- _What to do_: Retype nothing except the lines below from the one with "I've always had" through the one with "Bourdelle/ Paris Musées", exactly, with images left out.

(Saved entries)
******
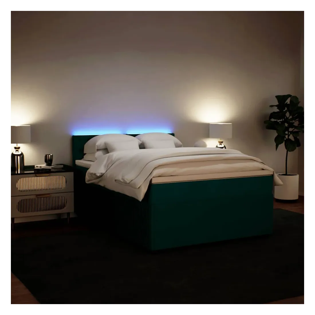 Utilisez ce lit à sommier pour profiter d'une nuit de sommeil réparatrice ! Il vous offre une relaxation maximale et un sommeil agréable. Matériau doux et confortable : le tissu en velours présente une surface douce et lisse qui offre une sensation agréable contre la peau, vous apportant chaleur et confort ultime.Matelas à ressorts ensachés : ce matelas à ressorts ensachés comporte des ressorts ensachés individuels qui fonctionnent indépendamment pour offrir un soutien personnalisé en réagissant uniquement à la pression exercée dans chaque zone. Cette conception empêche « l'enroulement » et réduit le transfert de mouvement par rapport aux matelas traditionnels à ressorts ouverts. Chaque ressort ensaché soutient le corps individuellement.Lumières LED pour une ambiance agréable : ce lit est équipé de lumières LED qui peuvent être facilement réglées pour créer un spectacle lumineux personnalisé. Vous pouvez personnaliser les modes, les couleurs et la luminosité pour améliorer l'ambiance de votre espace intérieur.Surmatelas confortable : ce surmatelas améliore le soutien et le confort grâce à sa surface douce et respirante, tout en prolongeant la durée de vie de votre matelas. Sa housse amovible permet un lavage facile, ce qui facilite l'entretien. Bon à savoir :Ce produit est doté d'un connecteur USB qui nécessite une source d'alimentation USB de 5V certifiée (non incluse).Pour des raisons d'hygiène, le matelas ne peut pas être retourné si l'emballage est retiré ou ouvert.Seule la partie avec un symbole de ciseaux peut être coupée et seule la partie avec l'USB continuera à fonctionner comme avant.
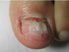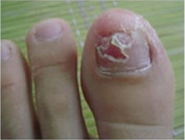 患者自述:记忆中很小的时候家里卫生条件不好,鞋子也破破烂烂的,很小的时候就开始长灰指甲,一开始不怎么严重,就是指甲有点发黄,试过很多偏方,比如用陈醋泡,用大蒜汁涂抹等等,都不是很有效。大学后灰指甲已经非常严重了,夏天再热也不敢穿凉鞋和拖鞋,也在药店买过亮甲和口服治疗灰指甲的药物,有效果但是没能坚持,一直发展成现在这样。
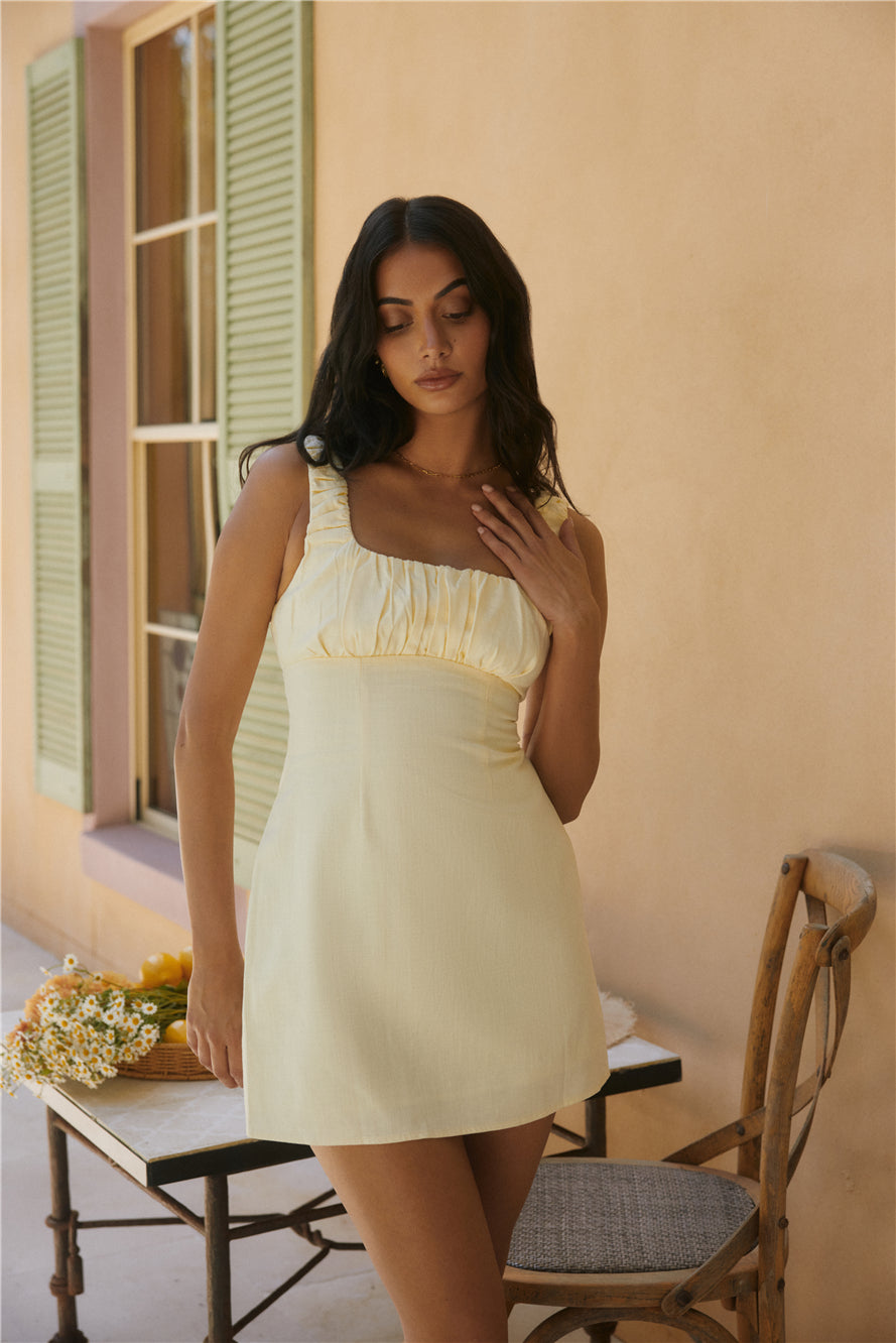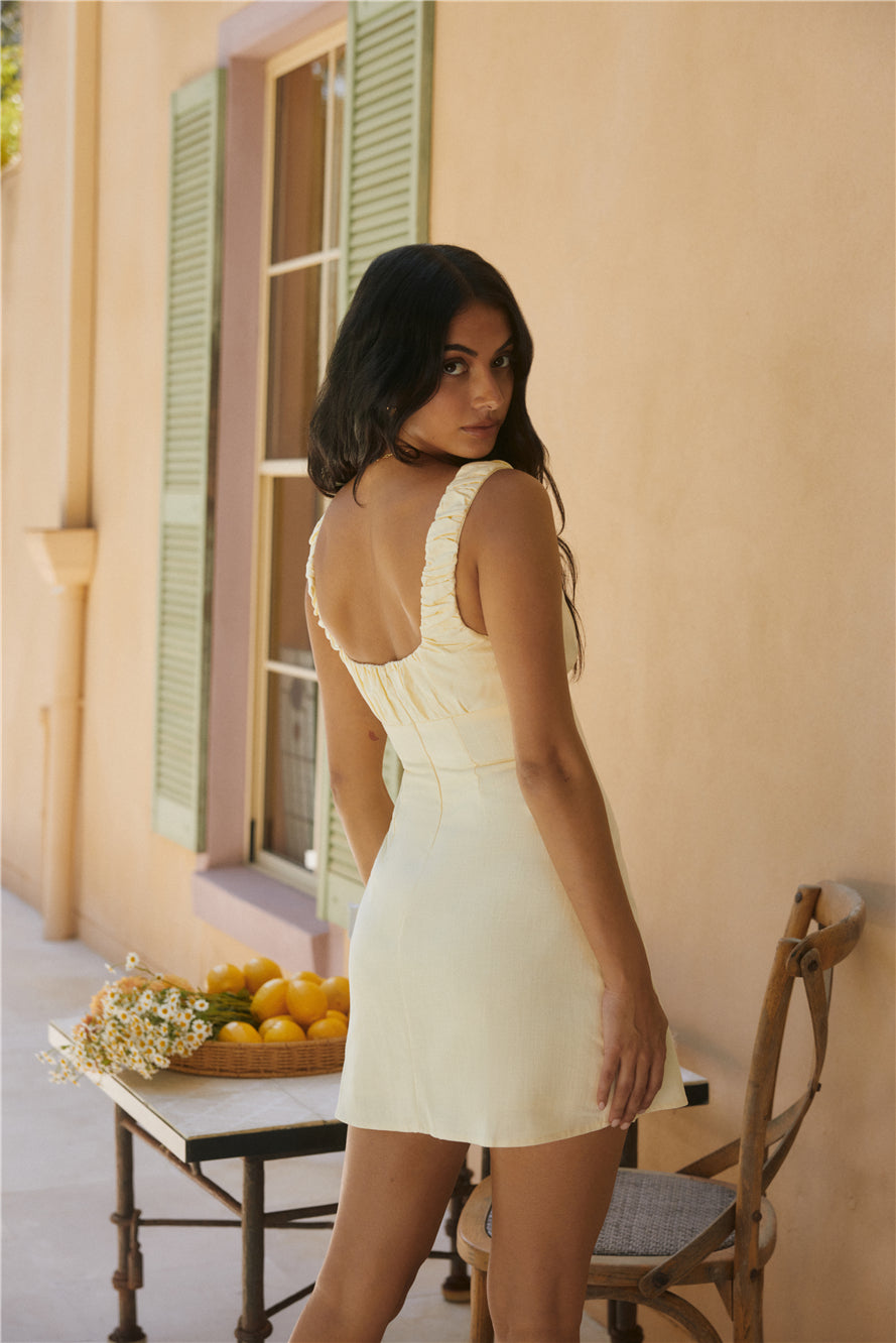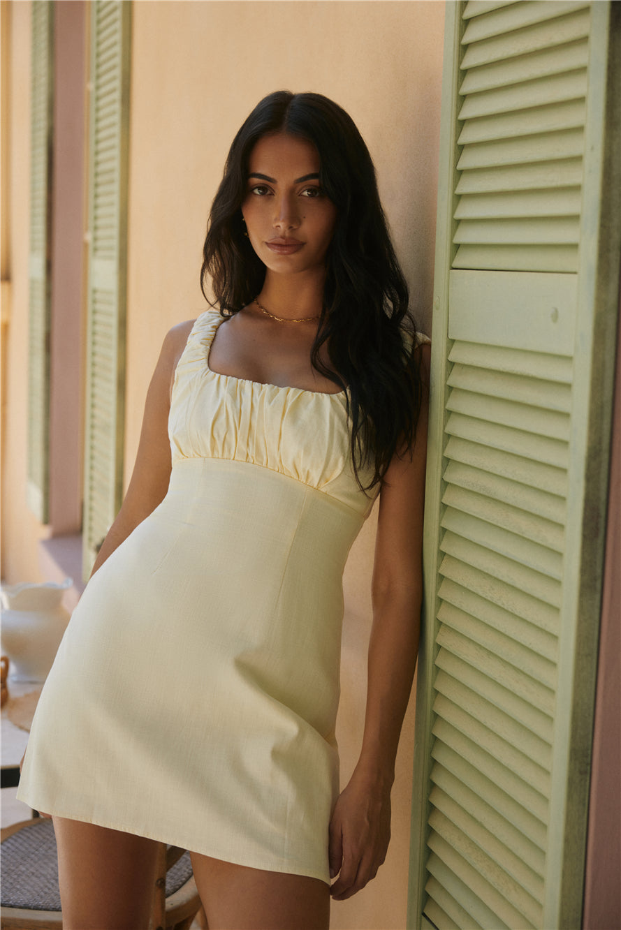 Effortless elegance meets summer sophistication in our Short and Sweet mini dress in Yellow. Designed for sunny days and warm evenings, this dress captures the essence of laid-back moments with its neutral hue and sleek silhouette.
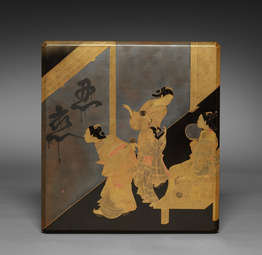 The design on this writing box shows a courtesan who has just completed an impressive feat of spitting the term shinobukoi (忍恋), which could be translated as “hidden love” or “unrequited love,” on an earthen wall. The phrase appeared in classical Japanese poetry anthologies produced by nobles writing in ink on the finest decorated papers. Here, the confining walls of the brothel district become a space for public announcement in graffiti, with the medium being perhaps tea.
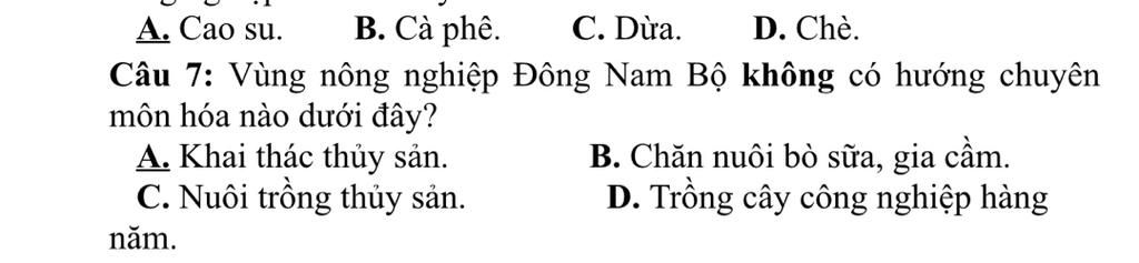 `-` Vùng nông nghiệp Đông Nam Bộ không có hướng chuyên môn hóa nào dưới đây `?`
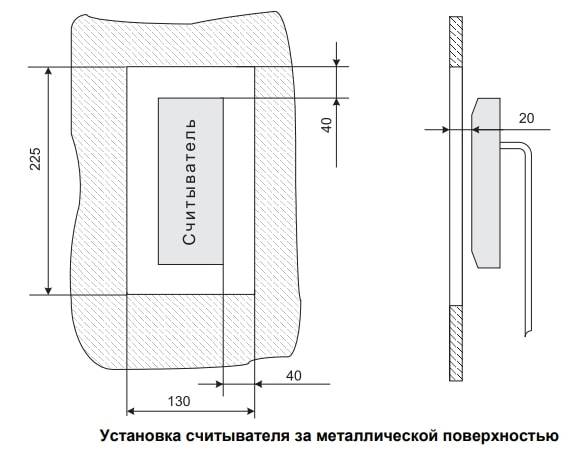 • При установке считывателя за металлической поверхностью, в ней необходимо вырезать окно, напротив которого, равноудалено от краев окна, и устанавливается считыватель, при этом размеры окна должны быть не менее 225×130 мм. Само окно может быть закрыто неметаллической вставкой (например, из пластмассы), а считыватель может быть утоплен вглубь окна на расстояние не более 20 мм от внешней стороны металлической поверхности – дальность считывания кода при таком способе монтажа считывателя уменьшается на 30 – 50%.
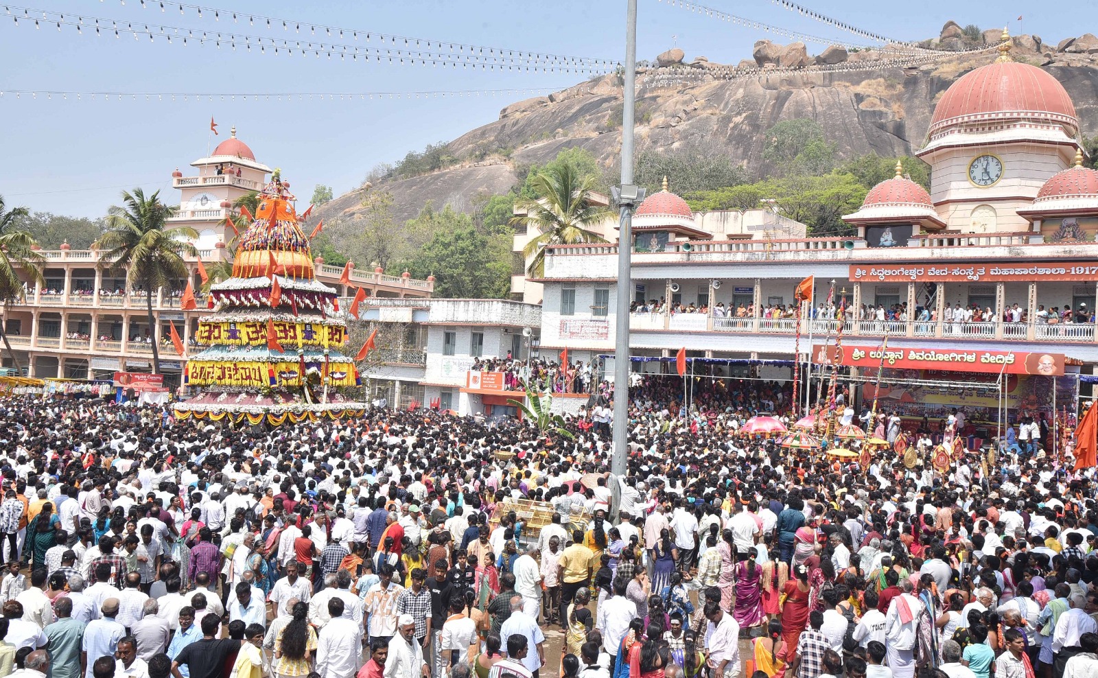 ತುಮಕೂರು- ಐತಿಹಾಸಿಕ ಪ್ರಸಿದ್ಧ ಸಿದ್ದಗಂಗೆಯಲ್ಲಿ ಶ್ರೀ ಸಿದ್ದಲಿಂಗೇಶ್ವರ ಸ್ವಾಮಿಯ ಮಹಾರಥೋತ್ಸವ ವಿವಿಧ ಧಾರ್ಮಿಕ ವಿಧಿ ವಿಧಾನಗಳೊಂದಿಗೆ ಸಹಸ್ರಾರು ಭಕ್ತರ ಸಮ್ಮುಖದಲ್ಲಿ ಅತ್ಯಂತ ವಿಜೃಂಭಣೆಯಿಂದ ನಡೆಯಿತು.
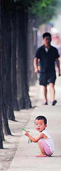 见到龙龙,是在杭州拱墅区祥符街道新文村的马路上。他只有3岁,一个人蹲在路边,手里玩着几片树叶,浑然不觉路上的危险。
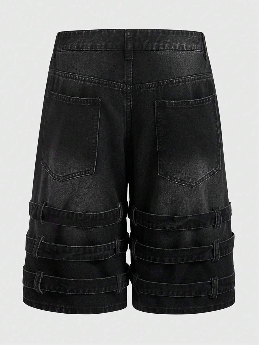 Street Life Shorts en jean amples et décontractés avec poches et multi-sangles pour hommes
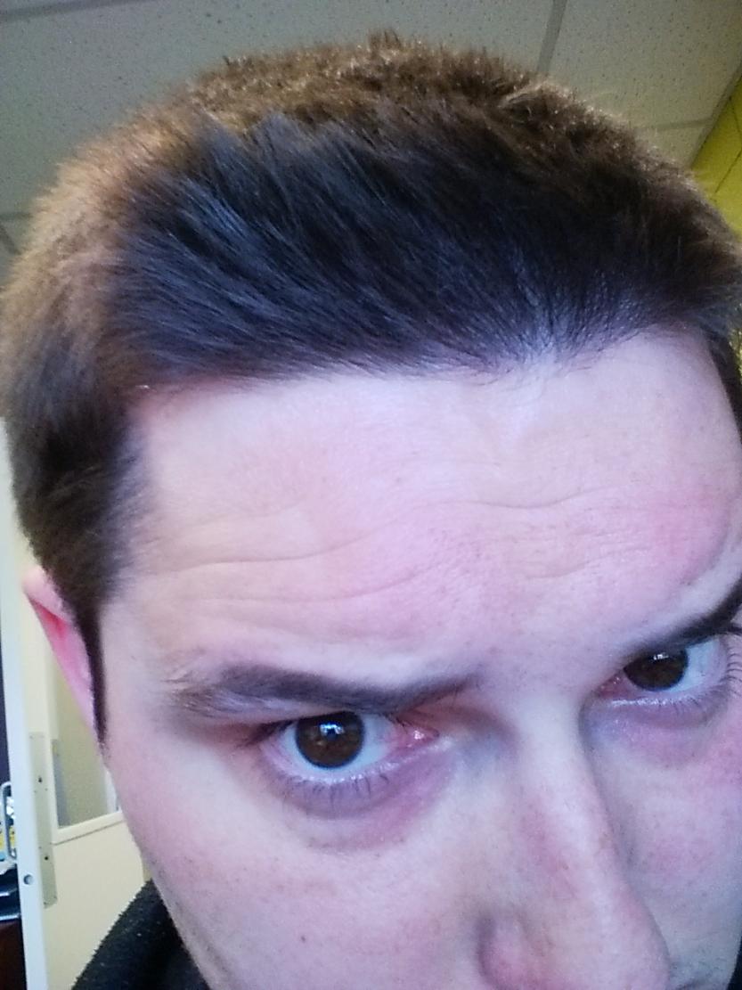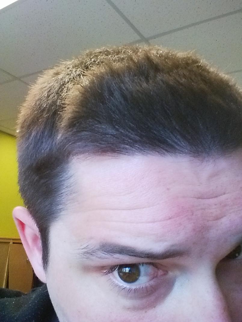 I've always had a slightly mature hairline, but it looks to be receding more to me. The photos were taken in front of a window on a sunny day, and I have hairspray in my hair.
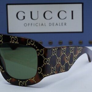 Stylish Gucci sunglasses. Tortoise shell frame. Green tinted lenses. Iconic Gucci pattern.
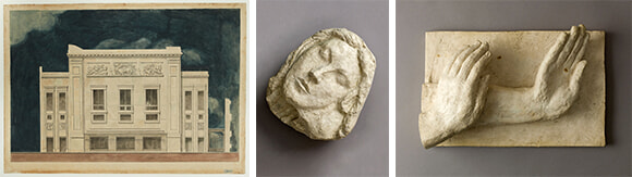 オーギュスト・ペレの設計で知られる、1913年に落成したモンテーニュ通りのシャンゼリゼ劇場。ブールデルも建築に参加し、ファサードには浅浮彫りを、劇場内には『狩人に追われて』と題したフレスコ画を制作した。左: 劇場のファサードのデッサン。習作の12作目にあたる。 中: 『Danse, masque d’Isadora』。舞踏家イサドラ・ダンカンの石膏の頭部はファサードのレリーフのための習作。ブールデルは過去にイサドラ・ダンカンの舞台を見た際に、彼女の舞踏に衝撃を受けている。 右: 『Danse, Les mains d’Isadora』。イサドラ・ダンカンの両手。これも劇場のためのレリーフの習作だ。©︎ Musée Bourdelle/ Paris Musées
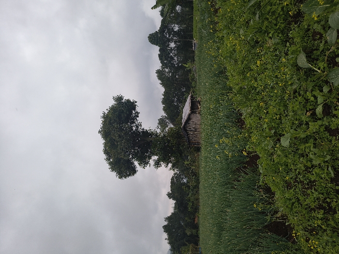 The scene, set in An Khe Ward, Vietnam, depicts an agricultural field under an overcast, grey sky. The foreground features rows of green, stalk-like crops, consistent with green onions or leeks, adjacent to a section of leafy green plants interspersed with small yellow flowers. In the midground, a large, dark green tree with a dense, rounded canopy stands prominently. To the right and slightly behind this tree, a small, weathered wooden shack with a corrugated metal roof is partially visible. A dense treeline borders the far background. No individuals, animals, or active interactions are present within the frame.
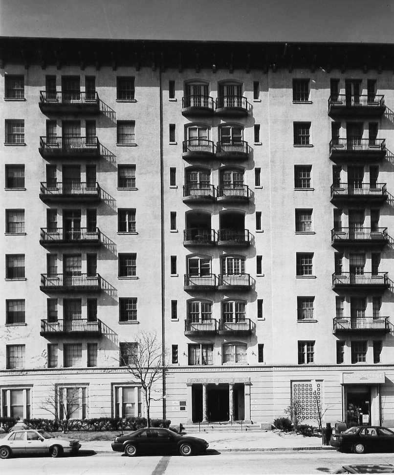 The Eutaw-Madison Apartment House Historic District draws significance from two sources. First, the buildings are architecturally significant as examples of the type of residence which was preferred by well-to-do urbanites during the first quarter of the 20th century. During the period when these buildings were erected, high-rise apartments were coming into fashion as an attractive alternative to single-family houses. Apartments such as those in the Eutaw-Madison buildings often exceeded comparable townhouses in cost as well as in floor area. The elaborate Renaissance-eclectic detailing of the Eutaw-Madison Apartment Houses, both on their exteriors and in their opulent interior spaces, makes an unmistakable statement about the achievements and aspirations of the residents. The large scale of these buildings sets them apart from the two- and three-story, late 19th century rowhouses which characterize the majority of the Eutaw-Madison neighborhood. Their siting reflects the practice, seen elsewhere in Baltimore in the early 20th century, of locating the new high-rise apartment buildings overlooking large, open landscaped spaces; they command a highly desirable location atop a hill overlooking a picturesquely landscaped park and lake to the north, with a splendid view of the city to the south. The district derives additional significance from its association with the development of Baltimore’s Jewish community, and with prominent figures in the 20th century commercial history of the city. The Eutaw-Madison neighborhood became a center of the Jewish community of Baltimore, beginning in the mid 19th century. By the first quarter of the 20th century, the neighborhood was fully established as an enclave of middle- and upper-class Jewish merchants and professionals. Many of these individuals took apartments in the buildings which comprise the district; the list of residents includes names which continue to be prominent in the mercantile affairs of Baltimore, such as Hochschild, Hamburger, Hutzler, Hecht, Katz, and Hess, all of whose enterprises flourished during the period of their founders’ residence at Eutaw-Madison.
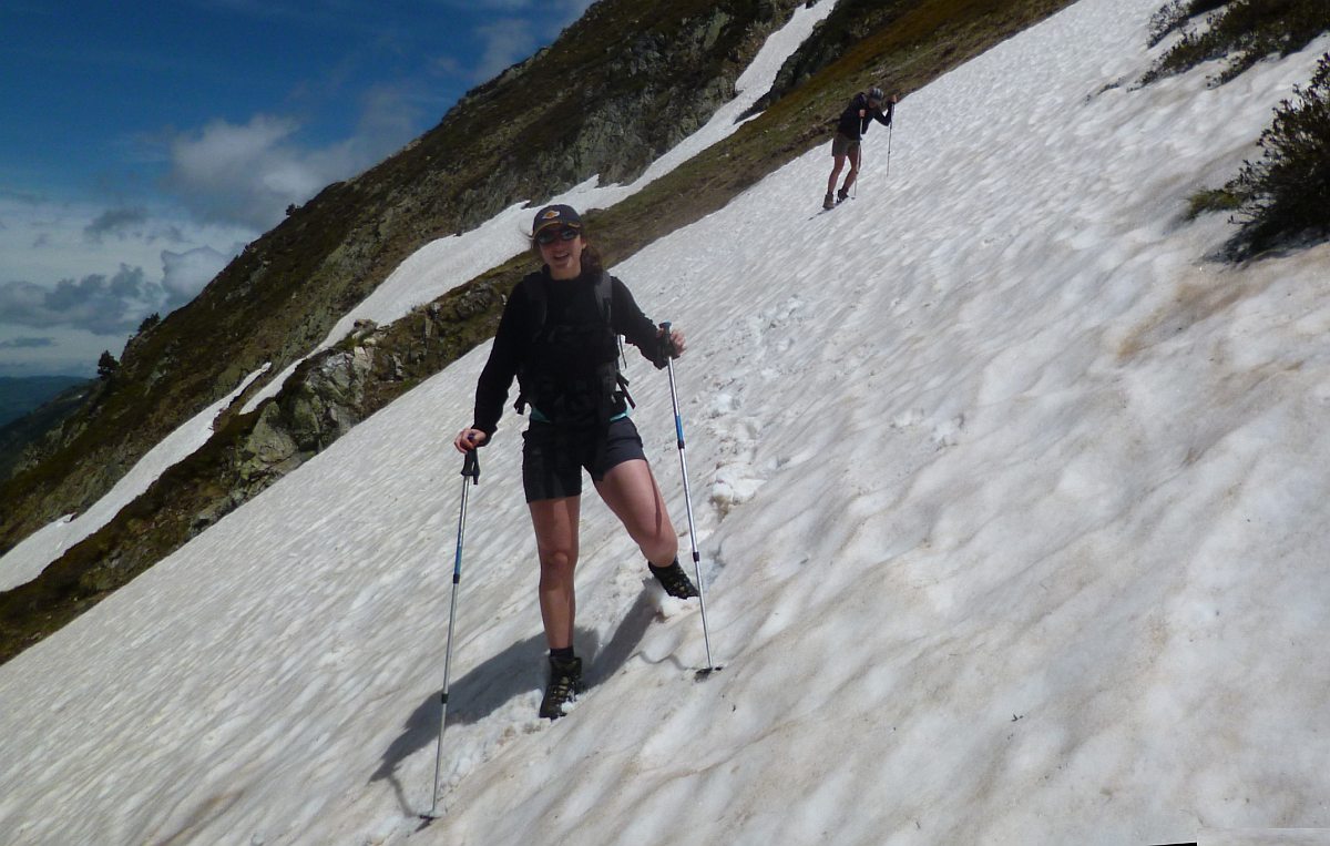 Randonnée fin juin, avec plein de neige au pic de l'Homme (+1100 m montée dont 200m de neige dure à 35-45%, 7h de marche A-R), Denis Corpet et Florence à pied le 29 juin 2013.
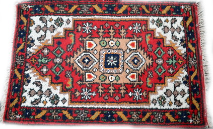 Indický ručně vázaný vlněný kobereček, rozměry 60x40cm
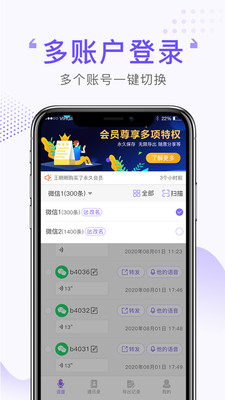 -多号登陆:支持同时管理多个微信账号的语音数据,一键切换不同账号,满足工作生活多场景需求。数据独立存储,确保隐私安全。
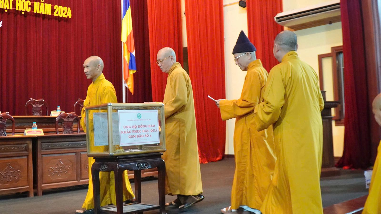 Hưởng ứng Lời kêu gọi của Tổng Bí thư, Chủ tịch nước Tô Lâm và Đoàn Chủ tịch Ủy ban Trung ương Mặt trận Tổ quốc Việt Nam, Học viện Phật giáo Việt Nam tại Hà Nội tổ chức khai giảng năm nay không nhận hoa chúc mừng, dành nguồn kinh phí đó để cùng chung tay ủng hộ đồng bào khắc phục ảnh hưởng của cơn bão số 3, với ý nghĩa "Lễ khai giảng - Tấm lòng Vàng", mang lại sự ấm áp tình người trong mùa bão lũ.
******
- _Solution for this task_:
 I've always had a slightly mature hairline, but it looks to be receding more to me. The photos were taken in front of a window on a sunny day, and I have hairspray in my hair.
 Stylish Gucci sunglasses. Tortoise shell frame. Green tinted lenses. Iconic Gucci pattern.
 オーギュスト・ペレの設計で知られる、1913年に落成したモンテーニュ通りのシャンゼリゼ劇場。ブールデルも建築に参加し、ファサードには浅浮彫りを、劇場内には『狩人に追われて』と題したフレスコ画を制作した。左: 劇場のファサードのデッサン。習作の12作目にあたる。 中: 『Danse, masque d’Isadora』。舞踏家イサドラ・ダンカンの石膏の頭部はファサードのレリーフのための習作。ブールデルは過去にイサドラ・ダンカンの舞台を見た際に、彼女の舞踏に衝撃を受けている。 右: 『Danse, Les mains d’Isadora』。イサドラ・ダンカンの両手。これも劇場のためのレリーフの習作だ。©︎ Musée Bourdelle/ Paris Musées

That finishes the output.